The perfect frugal early retiree. I observe this dynamic at work in the “frugal” and “early retirement” communities as well. Very quickly, an ideal forms. Small home. 15-year-old used econobox car. Better yet, bike 30 miles a day or use public transportation exclusively. At least two side hustles and your hobbies must consist of couponing, dumpster-diving, and visiting garage sales to resell on Amazon and eBay.

My goals is to not teach my children any specific ideal, but instead that the world is full of options. You don’t need to spend like everyone around you, and you don’t need to live like everyone around you.

I have to admit, I enjoy reading about extremes. You can learn a lot from people living at the extreme and it can help inspire a change within your life. The key is to not treat it like a religion (“gospel”). Pick and choose what works for you. It shouldn’t feel like you’re in a cult. Otherwise, it’s conformity all over again.
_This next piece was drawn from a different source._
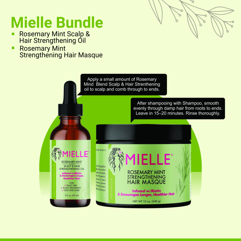 Mielle Bundle Rosemary Mint Scalp & Hair Strengthening Oil & Hair Masque – Complete Hair Care Solution Healthy, strong, and beautifully nourished hair begins with the right care. The Mielle Bundle Rosemary Mint Scalp & Hair Strengthening Oil 59 ML and Rosemary Mint Strengthening Hair Masque 340 Gram are the ultimate duo for hair revitalization. Designed to target weak, brittle, and dry hair, this bundle combines the power of natural ingredients with modern hair care technology.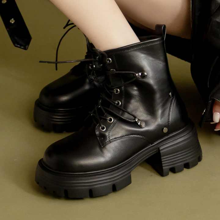 รองเท้าบูทคอมแบทสีดำ พื้นหนา 6.5 ซม. ทรงกว้าง คอลเลคชั่นฤดูหนาว

Our family does not fit into any ideal. We have not optimized our life solely based on savings rates and early retirement. We chose to have three kids (higher expenses). We chose to work half-time instead of paying for daycare (lower net income). We intentionally spend more so that we can travel (supplemented by points and miles) and are also putting some funds aside some money for future education to take advantage of time and tax-exempt 529 growth (hopefully the kids will see this and appreciate compounding returns and long-term investing).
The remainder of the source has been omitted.